The challenge last night was again, an excellent one, and I was impressed with the agility of the chefs around that pig. Butchering a whole animal is not something these chefs do every day, and I was wowed by the way they took to the task with confidence and relative ease.

What I thought was even more challenging than the butchery though was their sous-chefs' task of shopping at the San Juan market. Andrew (one of my favorite former contestants) was hilarious. I loved his mime-like attempts to communicate, and his attempt at Spanish which was pretty much English with a Spanish accent. That was priceless. I thought the challenge of shopping in that market I thought was quite steep. I mean, Whole Foods that market was not, and so much of the produce at the market was unknown to the sous-chefs. This was probably really exciting, but also a bit terrifying because the results of their hunting and gathering would become the dishes that their chef contestants could be eliminated for.

Those sous-chefs did great. One of the other things that also impressed me last night was the way Stephanie handled herself when Dale screwed up and left their pork belly out over night. I think it's fair to say that if Lisa had been in the place of Stephanie and Dale had done that to her, or if the tables had been turned and Stephanie had left the belly out, a major tantrum or brawl would have erupted.

Instead, Stephanie stayed cool and collected, and didn't berate Dale, which would not have done anyone any good. He felt bad enough. Her poise and maturity allowed her to stay focused on the prize -- turning out great food -- and she and Dale came up with a creative chichirones salad that was a huge crowd pleaser. Nicely done.

On another note, some of you have written in the comments section that you don't get what this blog is about. My goal in this column has been to comment on the episode, but to also offer some sort of culinary or restaurant tie-in. So if the episode is about eggs, I've given you some of my favorite egg dishes, if the episode is about a wedding, I've offered suggestions for first dates, that sort of thing. This way, we hoped that you, our readers, would get something more than just episode commentary, but perhaps some dining suggestions that might be fun to try. That's been the goal, and if it has worked, that's great, if not, we'll try harder to make it fun and interesting and useful in the future.

For this episode, which focused on whole pig dining, I have a great place for you to try, if you haven't been yet -- Daisy May's Barbecue.

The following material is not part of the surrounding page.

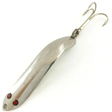 Poliruota nikelio apdaila pasižymi 6 cm ilgio šios senovinės blizgės korpusas, turintis du ryškius raudonus taškus-akis, nupieštus netoli valo tvirtinimo vietos. Priekinėje dalyje įspaustas „EEL“ pavadinimas kartu su detaliu žuvies motyvu, būdingu JAV gamintojo Thomas Lures produkcijai. Nors nurodytas produkto kodas 5657 ir 10 g svoris, kitoje metalo pusėje matomas gamyklinis „3/8 OZ“ įspaudas kartu su modelio numeriu R324 bei prekės ženklo logotipu. Įrangą sudaro tvirtas trišakis kablys, pritvirtintas per žiedelį, be jokių naudojimo žymių. Šis egzempliorius yra puikios 5/5 būklės, išlaikantis veidrodinį spindesį ant savo išlenkto paviršiaus. Masalas yra subalansuotas įvairiems mėtymo ir velčiavimo būdams, kai reikalingas siauras profilis.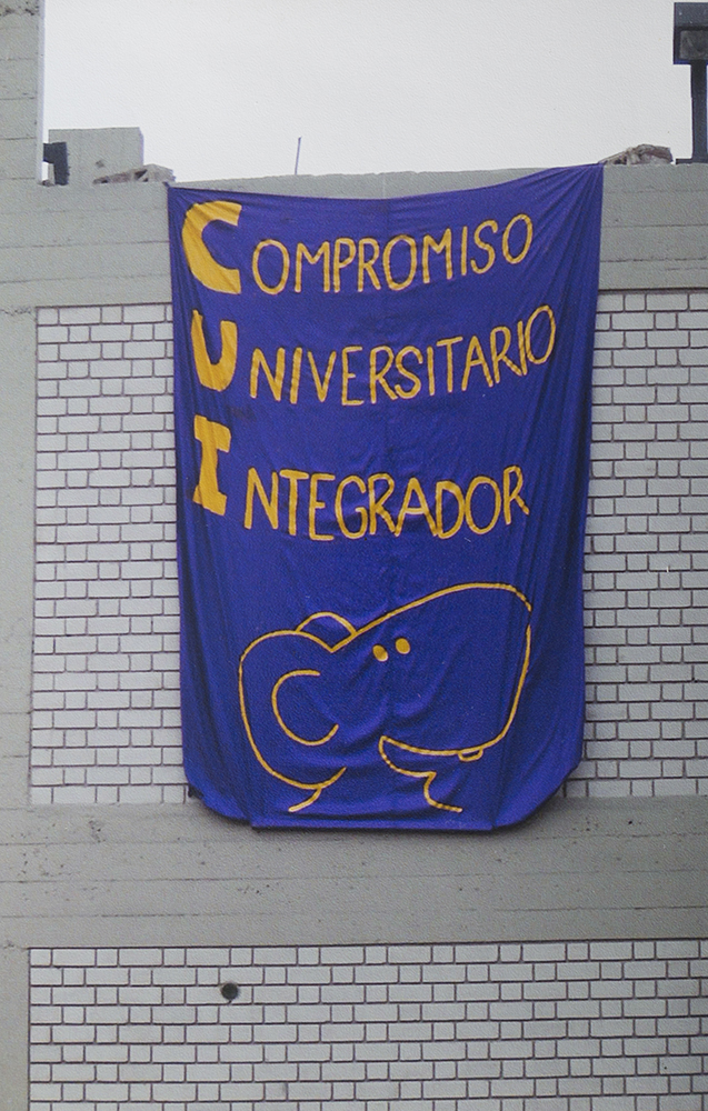 Banderola del movimiento estudiantil Compromiso Integrador Universitario CUI durante las elecciones por el Centro Federado

Chef Adam Perry Lang, a barbecue master, turns out some of the most succulent ribs and saucy pulled pork in the city, but he also serves something quite special and unique. He calls it the Big Pig Gig. As the name implies, this menu offers a whole suckling pig, and yes, it's served whole -- snout to tail -- on one of his picnic tables in his Hell's Kitchen restaurant, so you almost feel like you're at a cook-out somewhere down south, or in Puerto Rico.

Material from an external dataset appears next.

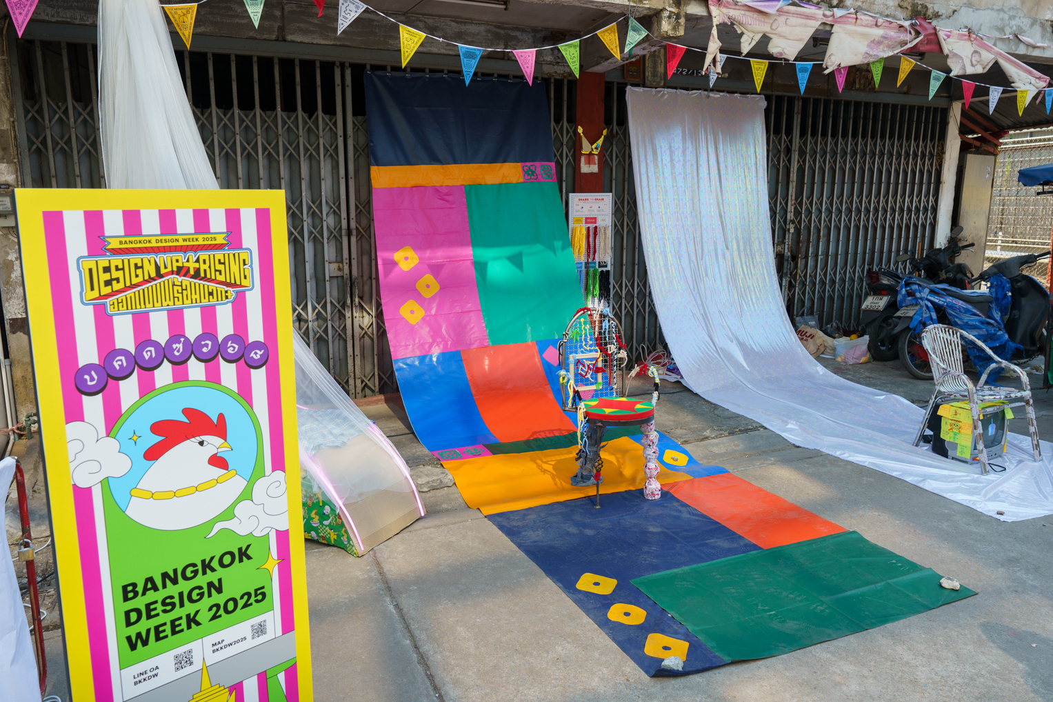 Seat of Origin: Where a Story Take a Seat @Hua Lamphong โดย By Gor.Gor.Nor.Group สัมผัสเรื่องเล่าจากชุมชนหัวลำโพง ที่ครั้งหนึ่งเต็มไปด้วยเสียงรถไฟและการสัญจรของผู้คน จาก “เก้าอี้” ที่รังสรรค์ด้วยเศษวัสดุเหลือใช้ในพื้นที่ ไม่ว่าจะเป็นเศษกระดาษปฏิทินจีนน่ำเอี๊ยง ขวดพลาสติก หรือเศษเหล็กจากบ้านเหล็กอิตาลี ซึ่งเก้าอี้เหล่านี้ไม่ได้เป็นเพียงผลงานออกแบบ แต่เปรียบเสมือนสัญลักษณ์ของชีวิตผู้คนในย่าน เพราะทุกครั้งที่ผู้ชมได้นั่ง เฉพาะวันเสาร์และวันอาทิตย์ 15 - 16, 22 - 23 กุมภาพันธ์ 2568 ตั้งแต่เวลา 13.00 -15.00 น. สถานที่: ตรอกนิลประดับข้างทางด่วน

The pig is prepared from a secret recipe that scored Lang a blue ribbon at the American Royal Invitation (the world series of barbecue in Kansas City). The meat is so moist it's practically buttery, and comes encased in a crispy honeyed skin, so you get that contrast of crunchy and tender and just the great flavor of smoky pig. Just in case the protein overdose isn't enough for you, your Big Pig Gig includes piles of Texas Toast (brioche rubbed with roasted garlic), sliced watermelon and a slew of sides (read: troughs) like lardon-stocked baked beans, creamed corn and candied sweet potatoes).

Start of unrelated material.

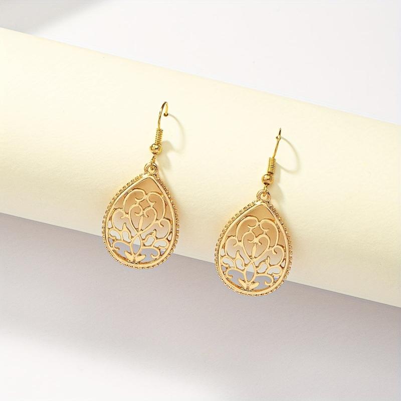 These delicate teardrop dangle earrings feature a hollow golden flower pattern. They are made of high-quality alloy with 14K gold plating, making them an elegant and stylish accessory. Perfect as a gift for a special woman.
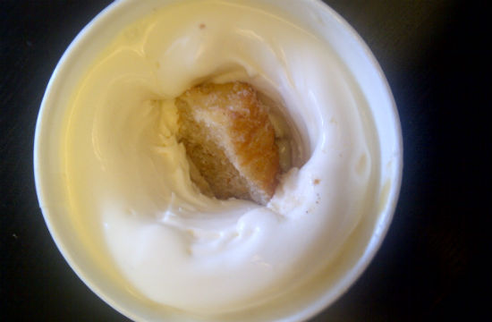 We bought this thing because it was for charity. It was super delicious. It tasted like churro ice cream, and there was a nice little swirl of butterscotch at the bottom.

Of course, eating large animals can get messy. So you won't have to toss your clothes after dinner, Lang provides giant, smock-like bibs and surgical gloves (you'll be eating with your hands, and that little piggy can be hot). Once you're all suited up, it's a free-for-all pig fest. Enjoy! Daisy May's: 623 11th Avenue at 46th Street, 212-977-1500. BYOB. All Big Pig Gig items must be ordered two days in advance.